SEM images of electrode CMEA 100 (a) and CMEA 200 (d). AFM images with associated line plots collect at electrodes CMEA 100 (b), CMEA 102 (c), CMEA 200 (e), and CMEA 202 (f). The primary oxygen plasma pre-treatment does contribute to increase the surface roughness, while the secondary oxygen plasma treatment does not

3.2 Characterization of carbon nanofiber MEAs

Having designed our electrodes with the correct dimensions, and to have a suitable surface area and stability for our applications, we next characterized our electrodes by employing a host of surface and microstructure analysis methods.

To ensure that a dual O2 plasma treatment did not negatively influence surface structures of carbon-nanofiber electrodes, AFM with a tapping mode was used to characterize surface morphology. Images (5 × 5 μm) are presented in Fig. 3. The surface features of pyrolyzed photoresist after primary O2 plasma were greatly enhanced (Fig. 3e and f) compared to that without plasma treatment (Fig. 3b and c). For both pyrolyzed photoresist MEAs with and without primary O2 plasma, there were no significant topology changes after the secondary plasma (Fig. 3c and f), showing that a dual plasma process did not unfavorably impact the surfaces.

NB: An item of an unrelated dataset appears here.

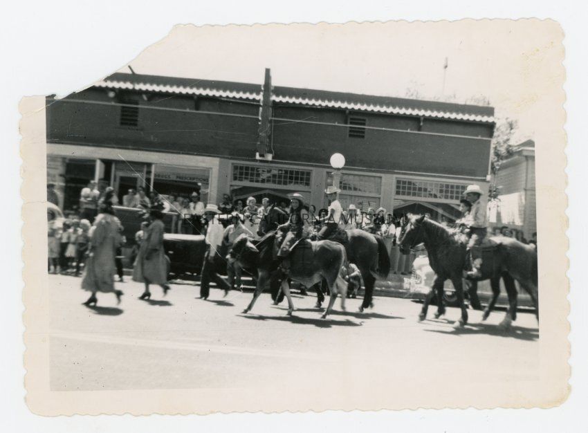 Photo of the 1965 Lone Pine Stampede Parade going down Main Street in Lone Pine. This photo shows several people on horseback and a young girl riding a cow. Top left corner is torn off.Collection

To verify that carbon nanofibers prepared by the dual O2 plasma treatment and pyrolysis were suitable for electrochemistry, Raman spectroscopy was used to indicate the presence of more reaction sites (defects and edge planes) on the surfaces. The D band at 1350 cm−1 is associated with disordered carbon while the G band at 1590 cm−1 can be assigned to crystallized graphitic structure (Kachoosangi and Compton 2007). The ratio of intensity of D band over G band (ID/IG) has been frequently used as an indicator of the fraction of disordered sp2 C-C bonding present in the graphitic structure. The higher ID/IG of graphitic structure is indicative of presence of more defects or edge planes (Roberts et al. 2011). Fig. 4 shows Raman spectra of SU-8 before pyrolysis (CMEA 001/002), after pyrolysis and no O2 plasma (CMEA 100), after pyrolysis and the secondary plasma (CMEA 103), after pyrolysis and the primary plasma (CMEA 200) and after pyrolysis and dual plasma (CMEA 203).
Fig. 4

Raman spectra of the photoresist derived electrodes with different treatments. Before pyrolysis, both pre-treated and un-pretreated samples (CMEA001/002) exhibit no characteristic peaks because of high fluorescence of SU8. After pyrolysis, primary plasma-treated samples (CMEA 200) show a bigger ID/IG ratio than un-treated ones (CMEA 100), indicating more defects and more edge planes. The later application of secondary oxygen plasma results in no significant change of ID/IG on both primary plasma-treated (CMEA 203) and un-treated samples (CMEA 103)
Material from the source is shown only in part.